Youngkin administration sets stricter runoff rules for solar farms
The Virginia Department of Environmental Quality late this March abruptly rolled out several major changes to how Virginia will manage stormwater runoff from solar farms, saying prior policies may have underestimated water quality impacts.
Previously, Virginia had considered only the foundations or bases of solar panels to be impervious surfaces, or those unable to absorb runoff. But under Gov.

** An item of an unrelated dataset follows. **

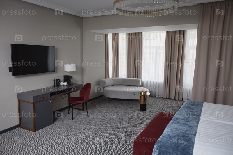 Интерьер гостиничного номера с дизайнерской мебелью и телевизором
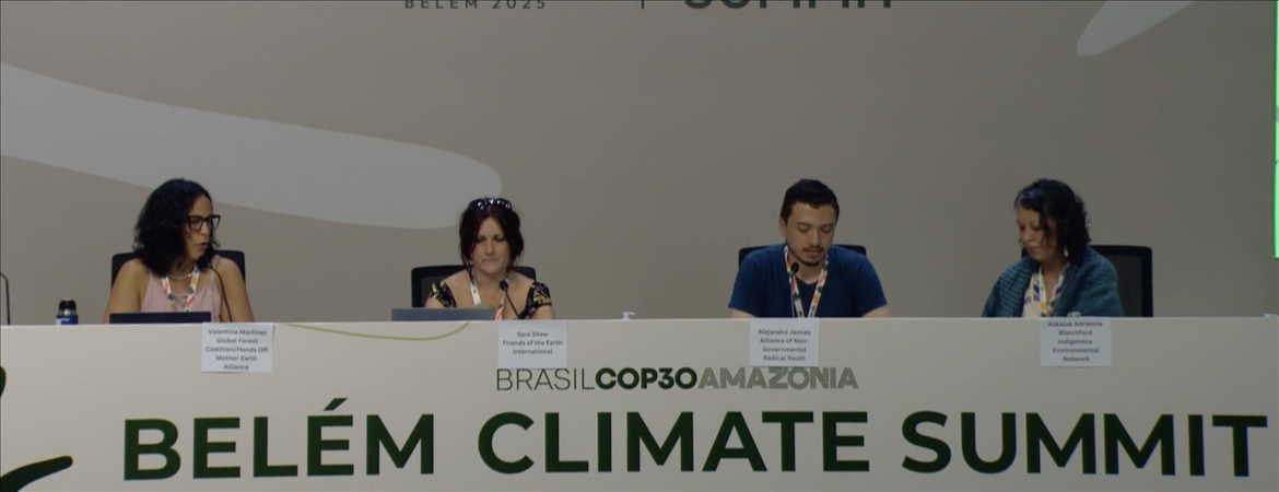 GFC'den Valentina Martinez'in yönettiği toplantıda Uluslararası Dünyanın Dostları Organizasyonu temsilcisi Sara Shaw, Radikal Gençlik İttifakı Sivil Toplum Kuruluşu temsilcisi Alejandro Jamies ve Yerli Halklar Çevre Ağı temsilcisi Adrienne Aakaluk Blatchford birer konuşma yaptı.

Glenn Youngkin’s administration, the solar panels themselves will begin to be classified as impervious surfaces, albeit unconnected ones.

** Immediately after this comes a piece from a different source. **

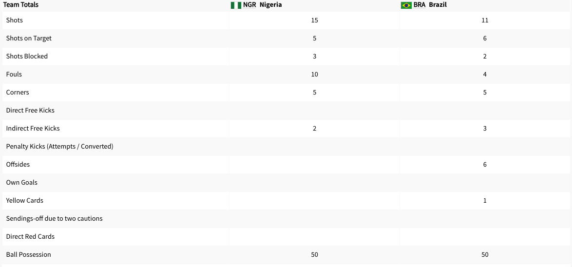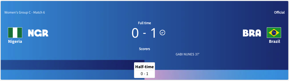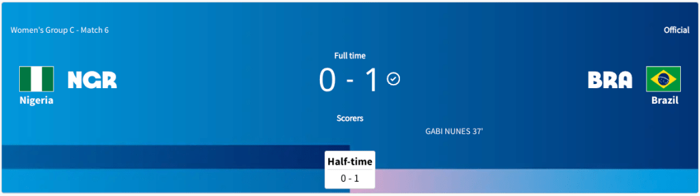 Nigeria played Brazil. It was a women’s Group C match. Brazil took the lead in the 37′ minute. Neither team scored in the second half. The final score was 1-0 Brazil. Nigeria will play Spain next. Brazil will play Japan next.
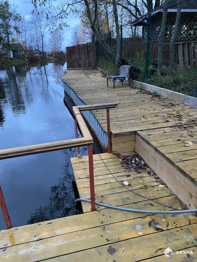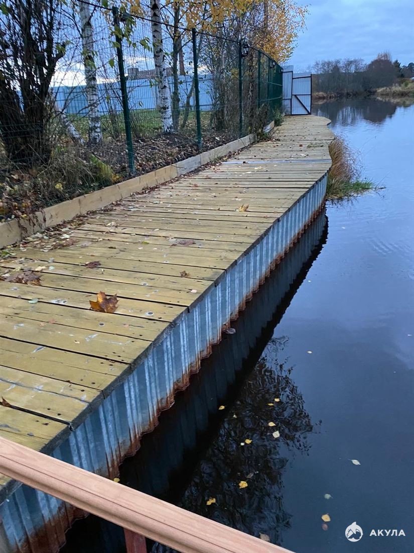 Участок примыкает вплотную к реке, где оборудована своя набережная с пляжиком. По периметру высокий кирпичный забор, оборудовано видеонаблюдение. Ворота автоматические. Везде проведены ландшафтные работы.

The distinction could have significant effects on solar development in Virginia, which has set ambitious goals for achieving a carbon-free electric grid by midcentury, including the deployment of large quantities of solar power.

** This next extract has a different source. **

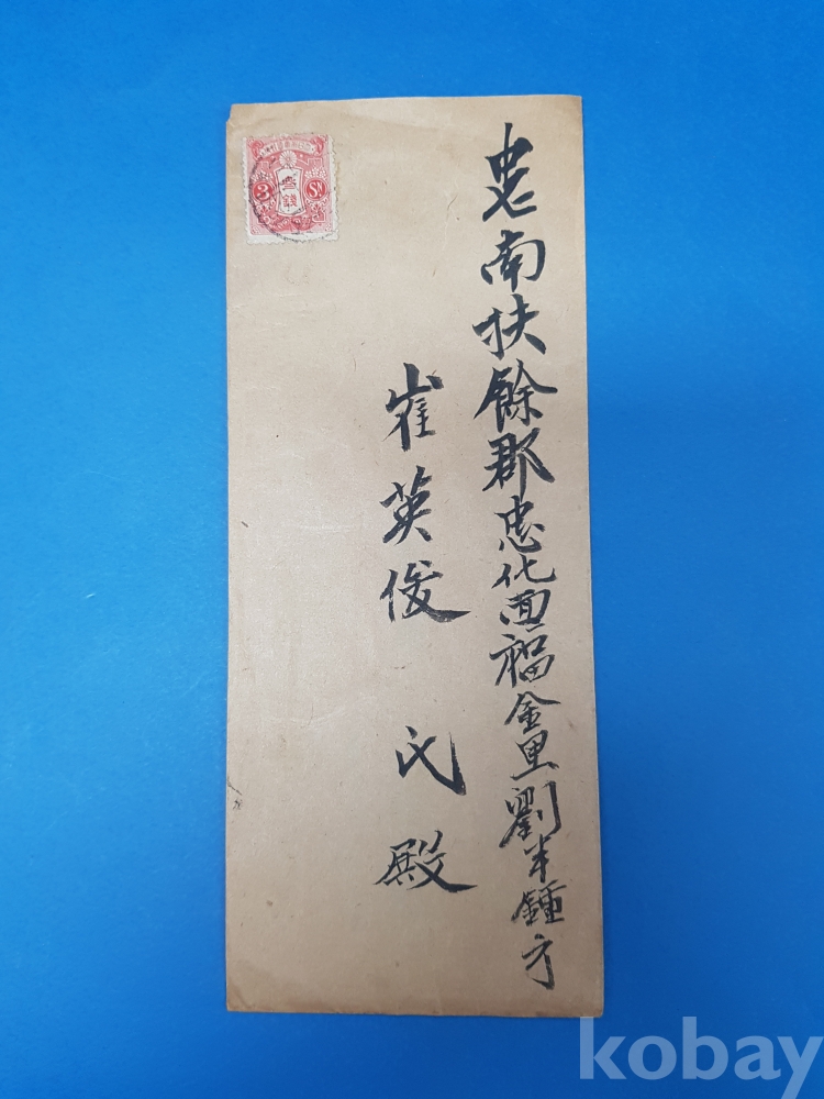 **** 일제강점기 3전 단첩 경의선 金村驛前 →부여군 실체봉투

But while the solar industry worries that the sudden policy shift could dampen efforts to build out renewables, some local officials and environmental groups say it could help better account for how precipitation, which is increasing in both frequency and intensity due to climate change, interacts with solar farms.
Virginia, like other states, has wide-ranging stormwater rules for new development because of the impact runoff from sites can have on erosion and water quality. Stormwater concerns are particularly acute in the roughly 56 percent of the state that lies in the Chesapeake Bay watershed. There, the federal government has imposed targets Virginia must meet in reducing nutrient pollution, much of which comes from runoff.
In the March 29 memo announcing the policy change, Virginia DEQ Director Mike Rolband explained the move as an effort “to safeguard the protection of downstream waterways and properties as well as ensure consistency with [the U.S. Environmental Protection Agency’s] Chesapeake Bay Program.”
On Friday, DEQ spokesperson Greg Bilyeu said in an email that the previous administration of Gov. Ralph Northam had “ignored existing stormwater management regulations” and that “in their efforts to prioritize solar project development, they ignored concerns that have continued to be raised by local officials and key stakeholders.”
DEQ did not provide specific numbers of stormwater violations linked to solar projects that have occurred, but several high-profile cases have made headlines over the past few years as solar development has accelerated. The most notorious concern was sediment pollution from the Essex Solar project in Essex County, which led to a settlement with former Attorney General Mark Herring’s office and a $245,000 fine. More recently, problems with stormwater runoff from the Belcher Solar facility in Louisa County led owner Dominion Energy to apologize to the local board of supervisors.